Вот такая задача стояла передо мною. И еще я понимал, что без очередного заседания Совета Федерации не обойтись. Все решить может только это заседание.
— Борис Николаевич, следующее заседание Совета Федерации запланировано на 6 апреля. Если я напишу заявление сейчас, то произойдет утечка информации, прокуратура за это время просто развалится… — Тут я поймал тяжелый, непонимающий взгляд президента, он словно бы не верил в то, что слышал. — Я напишу заявление сейчас, но дату поставлю апрельскую, 5 апреля — самый канун заседания Совета Федерации. За это время я смогу разобраться со швейцарскими материалами… Это очень важно.
Надо отдать должное президенту, он меня поддержал:
— Ладно, расследуйте то, что начато, а заявление датируйте 5 апреля.
Ход был правильный. Если бы я не написал заявления, то против меня были бы приняты резкие меры. Вплоть до физического устранения — от киллерского выстрела до наезда на мою машину какого-нибудь огромного, груженного кирпичами грузовика: эти ведь методы освоены в современном мире, в том числе и российском, в совершенстве. Ну, а уж насчет того, чтобы отстранить меня от должности указом, то тут уж, как говорится, Борису Николаевичу сам Бог велел…
Так с 18 марта по 5 апреля я получил возможность действовать, довести до конца начатые дела, продвинуть вперед историю с «Мабетексом» — пусть люди знают, что делает наша верхушка и как обходится с теми, кто указывает ей на нарушение закона.
Пока мы вели разговор, Борис Николаевич взялся за сердце, вяло приподнял руку, поморщился, одна половина его лица потяжелела, и он, хрипло дыша, вышел из комнаты. За окном продолжало светить, ликовать радостное весеннее солнце. Я заметил, как лица Примакова и Путина напряглись.
Через десять минут Ельцин вернулся, снова сел в кресло.

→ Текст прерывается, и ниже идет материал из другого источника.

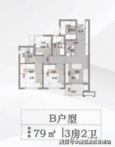 B户型 面积约79平方米 3房2卫
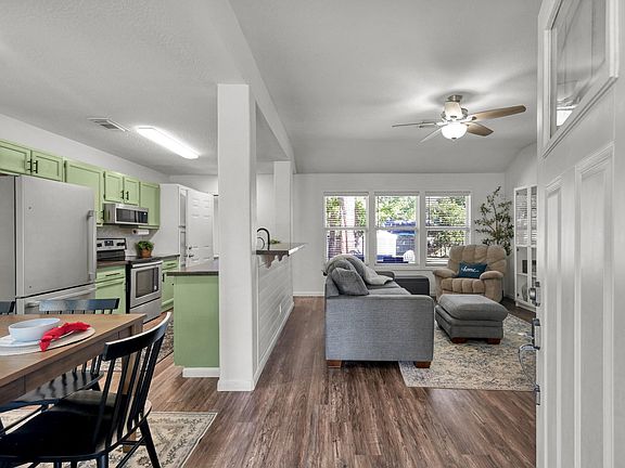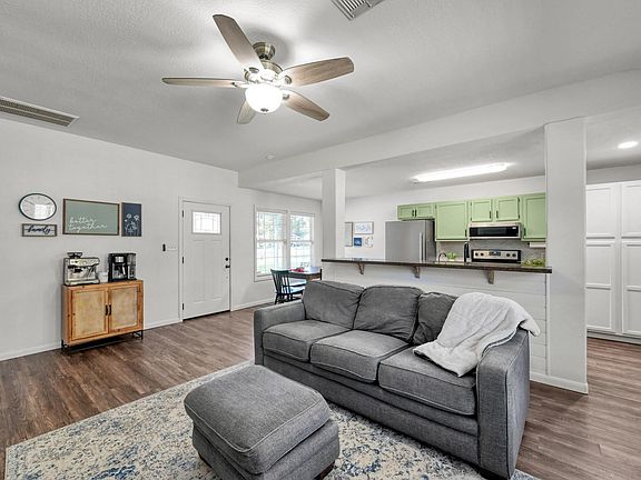Welcome to this beautifully maintained single level home offering 3 bedrooms and 2 bathrooms on a spacious lot. Inside, you will find an inviting open floor plan with wood look flooring throughout. The kitchen, complete with ample storage, overlooks the living room and flows easily into the dining area. The living space is filled with natural light from three large windows that frame views of the oversized backyard. The primary suite features tray ceilings and an updated ensuite bath. Two additional bedrooms share a full bath with a tub and shower combination. Step outside to enjoy the expansive backyard, complete with a patio, storage shed, chickens!! chicken coop, mature trees, and a fully fenced yard that is perfect for relaxing, entertaining, or hobbies. Don't miss the lake access with swimming, fishing, a pavilion a dock and a boat ramp!
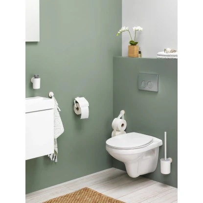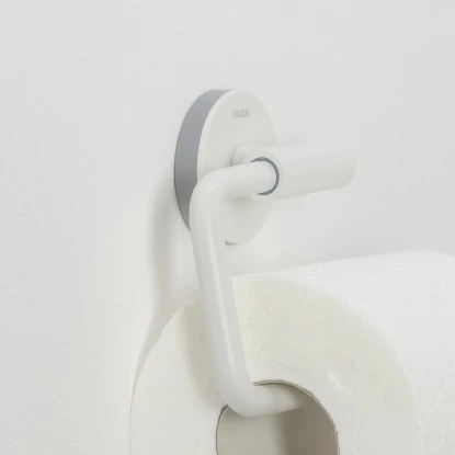 Der formschöne Toilettenrollenhalter ist schwenkbar und fügt sich unauffällig in jedes Bad ein. Die Serie Urban in dezentem Weiß bietet modernes, skandinavisches Design. Individuellen Touch verleihen Sie den Accessoires mit den beigefügten Dekor-Ringen in Grau oder Holzoptik. Die Artikel lassen sich einfach mittels der mitgelieferten Edelstahl-Schrauben und Dübel an der Wand befestigen. Alternativ können Sie die Accessoires auch ohne zu Bohren mit dem separat erhältlichen Tigerfix-Befestigungsset Nr. 1 kleben.
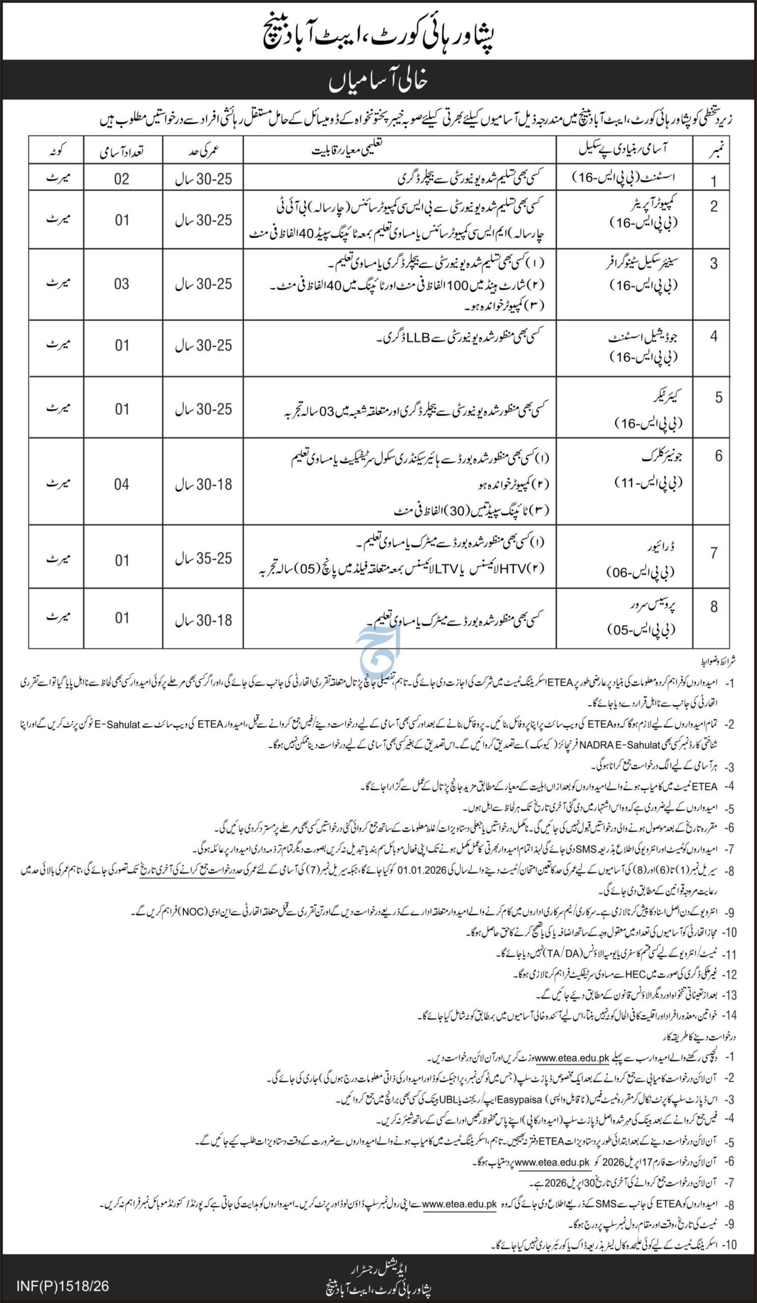 The High Court has announced multiple job vacancies as per an advertisement published in the Daily Aaj Newspaper on April 13, 2026. These opportunities are available in Pakistan, offering a great chance for candidates seeking government jobs in the judicial and administrative sector.
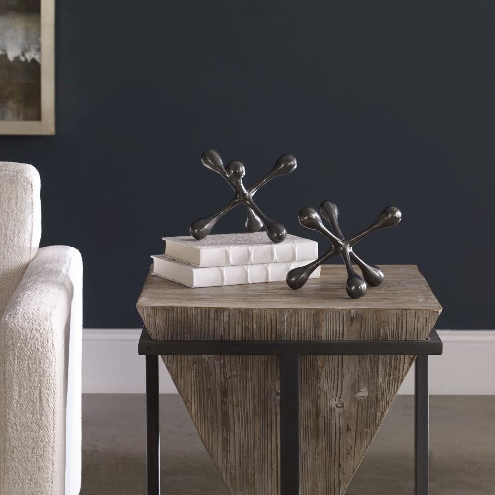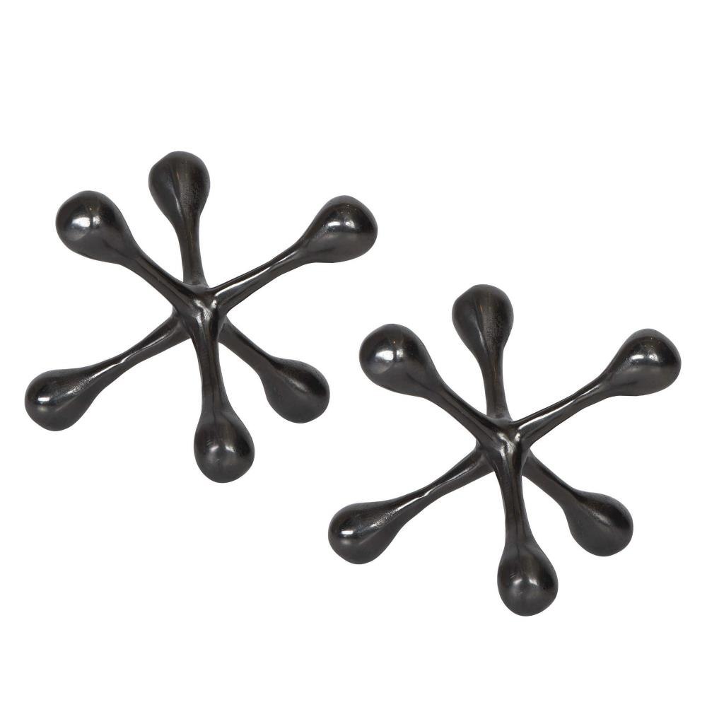 Set Of Two, Cast Aluminum Decorative Objects Feature A Black Nickel Finish.
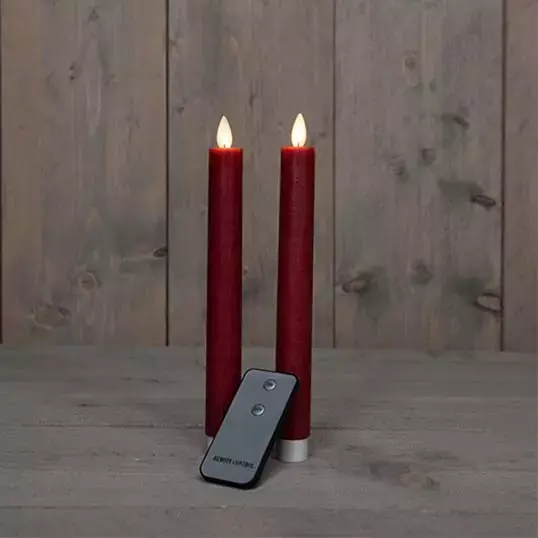 De LED Dinerkaarsen Rustiek Bordeaux 23 cm - 2 st. van Anna's Collection hebben een bewegende vlam en gaan super lang mee!

Когда я написал заявление, Примаков и Путин с облегчением вздохнули.
Выйдя из президентского корпуса на улицу, я хотел было сразу сесть в машину и уехать — слишком муторно, слишком противно мне было, — но Примаков задержал меня:
— Юрий Ильич, вы знаете, я скоро тоже уйду. Работать уже не могу. Как только тронут моих замов — сразу уйду…
В те дни в печати довольно широко обсуждался вопрос об отставке вице-премьеров Кулика и Маслюкова. Кулика, как мне казалось, — за дело. Он недалеко ушел от кремлевской верхушки. Создалось впечатление, что Евгений Максимович пытался этими словами сгладить ситуацию, оправдаться, и я понимал, насколько ему неприятно — ведь он попал между двух огней, — но должность его не позволяла сказать то, что он должен был сказать.
Выходит, Примаков тоже чувствует, что тучи над его головой сгущаются, что «семья» плетет вокруг него паутину, которая, того гляди, задушит премьера…
Я уехал на работу, а заявление, написанное на имя председателя Совета Федерации Строева, осталось лежать на столе у президента, как некий горячий лоскуток бумаги, вызывающий ощущение горечи, одиночества, боли — словно бы некий знак беды, которая накатилась на меня, будто лавина с крутого склона…
Со стола президента заявление перекочевало в сейф.